He walked slowly back down the narrow street to where he had left his car, but before he got there he was aware that he was being watched by a group of young men, bearded and in
shalwar kameez
rather than the jeans and sweatshirts worn by most of the teenaged youths around the Lane. They clustered on the corner where the road swung round to rejoin the main road and its bustling shops. He avoided their eyes as he flicked open his electronic lock and made to open the driver’s door
of the convertible that was his pride and joy. The young men had been chattering in Punjabi as he approached but they fell silent as he got within ear-shot, until one suddenly spat in his direction, narrowly missing his shoe, and followed with a flood of invective aimed at the antecedents of policemen in general and himself in particular. Sharif could feel the anger surge like a tsunami from his stomach but, gritting his teeth, he slid into the driver’s seat and started the engine. Another gout of saliva hit the windscreen and without thinking he switched on the screen-wash and was slightly surprised when it showered the nearest of the group with a mixture of dirty water and more.
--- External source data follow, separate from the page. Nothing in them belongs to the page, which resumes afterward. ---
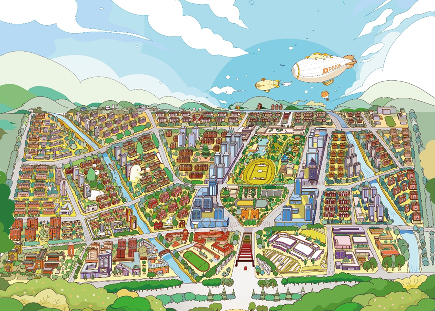 2013-2022十年时间,4平方公里的普罗理想国,逐渐落实了梦想社区的版图。地处郑州市与开封市连线中央,理想国从破败荒废的农田,成为一座集生活、教育、医疗为一体,社群生活丰富,自然环境优美的迷你移民城市。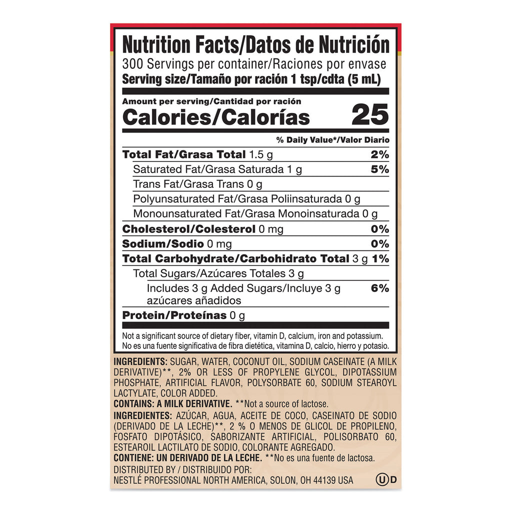 Non-dairy coffee creamer is now available in a convenient, easy-to-use pump dispenser that eliminates mess. One pump gives you the same amount of delicious Coffee-mate® Liquid Coffee Creamer as one small tub. Pump is non-removable once installed for food safety. 300 liquid creamer servings per bottle. Lactose-free, Kosher dairy, cholesterol-free and shelf-stable.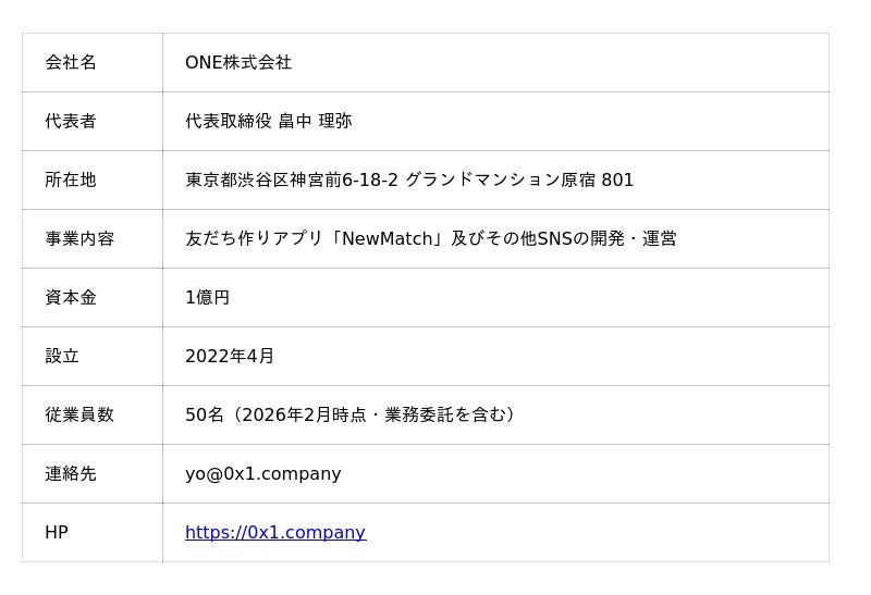 「友だちから始まる新しい出会い」をテーマにしたSNS『NewMatch(ニューマッチ)』を運営するONE株式会社(本社:東京都渋谷区、代表取締役:畠中理弥、以下:ONE)は、NewMatchのオウンドメディア(TikTok/Instagram)の総再生回数が10億回を突破したことを発表いたします。NewMatchは2025年1月のリリース以降、SNSでのバズを起点に新規ユーザーが大幅に拡大し、現在では18~24歳の若年層を中心に数十万人が利用するサービスへと成長しています。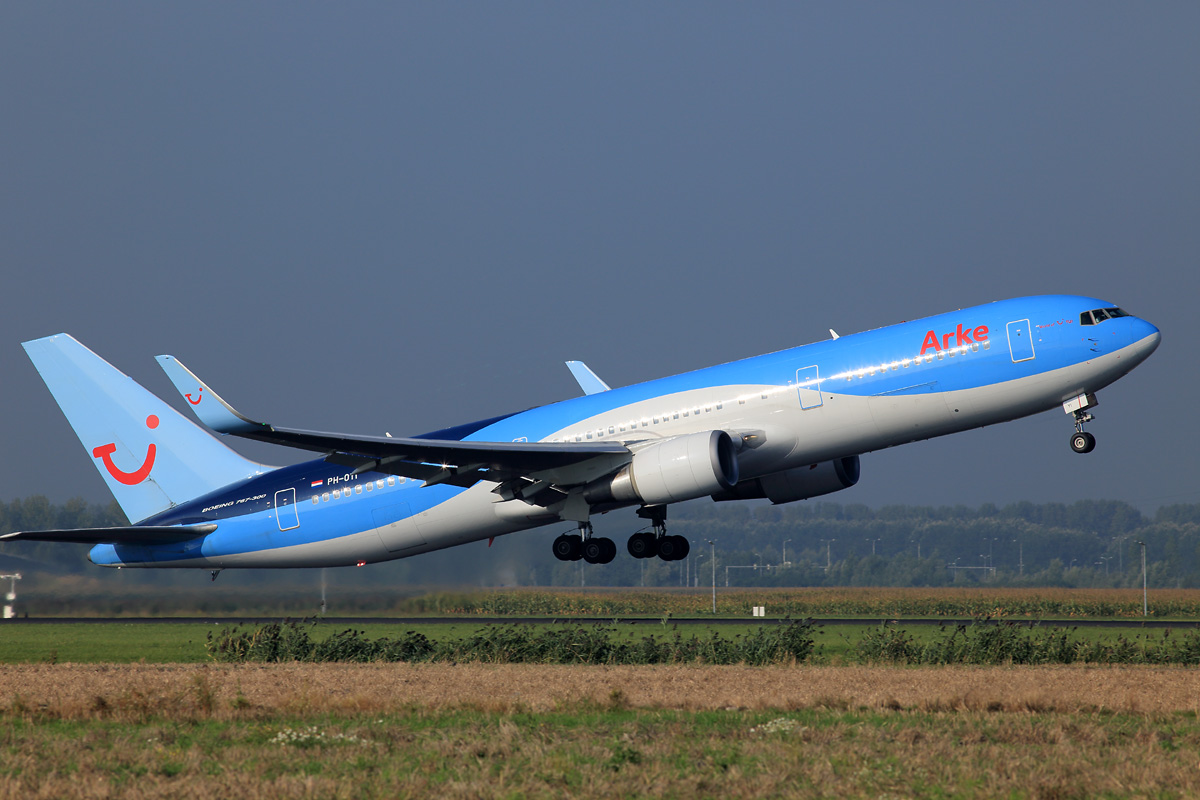 | アクセス道路沿いに少し引いた位置から。 我が家ではコレに似ているので「はんなり」と呼んでいるArkeの767。 レジャー路線のチャーター会社ですが、最近787も導入してます。それはまた後日。 |

The young men drew back, shouting furiously as Sharif slammed the car into gear and pulled away from the kerb as fast as he dared. Safely round the corner he slowed again and stopped, clutching the steering wheel with trembling hands, taking deep gasping breaths for a moment until his rage subsided. He was, he thought, stretched on a rack not of his own making in his chosen profession, eternally marked out as some sort of traitor even by those in his own community who seemed genuinely to want peace and harmony, and watched at work with cold-eyed suspicion by those few of his colleagues who wanted – and expected – him to fail.
Ten years ago as an enthusiastic recruit he had truly believed he could make it work. Now, after all that had happened since at home and abroad, he was beginning to suspect he was losing everything, his own culture, his prospects of promotion, his peace of mind and his chances of happiness. He no longer prayed, as the Prophet (peace be upon him) instructed, but he certainly cursed, regularly every day, with multicultural enthusiasm. But he cursed George Bush, bin
Laden, Tony Blair and the Saudis, the Palestinians, the Israelis and the Pakistanis indiscriminately and with vigour for the destruction of his hopes and dreams. He had always thought of Bradfield as his home, had balanced nimbly between two cultures and, he thought, made a success of his life, and had begun to hope recently that he might even be able to pull off a marriage that flew in the face of tradition, but it was getting harder. The tightrope felt as if it was fraying fast.
Michael Thackeray opened the door of the flat he shared with Laura Ackroyd and sniffed the air, surprised not to identify the cooking smells that greeted him more often than not. He tried his best to be the modern man Laura expected but cooking was not a skill he had ever acquired and she seemed happy enough to reign as queen of the kitchen when they ate at home, veering between experiments in fusion food and plainer fare, only a cut above the canteen fodder he had survived on for most of his adult life and that, if he was honest, he still preferred.
Laura was not in the living room and he found her in the bedroom, brushing her copper red curls and wearing very little, a sight that filled him with urgent desire. He slipped his hands around her breasts and kissed the back of her neck, and she responded with a long lingering kiss. But then she glanced at her watch and pushed him away.
‘There isn’t time,’ she said regretfully. ‘We’re due at David and Vicky’s at seven-thirty.’ She smiled at him mischievously. ‘I did remind you this morning. Had you forgotten?’
‘I had,’ he said, not bothering to hide his disappointment. ‘Do we have to go?’
‘Vicky says – though honestly I can’t remember – that it’s
the anniversary of the night I met you at their dinner party. You can’t have forgotten that, surely?’
On that unexpectedly significant previous occasion, David Mendelson had been intent on introducing Bradfield’s new DCI to his father Victor, one of the town’s longest serving solicitors from its most eminent law firm, to a member of the town council and to a journalist from the local paper who, to Thackeray’s surprise, turned out to be young, beautiful and red-headed.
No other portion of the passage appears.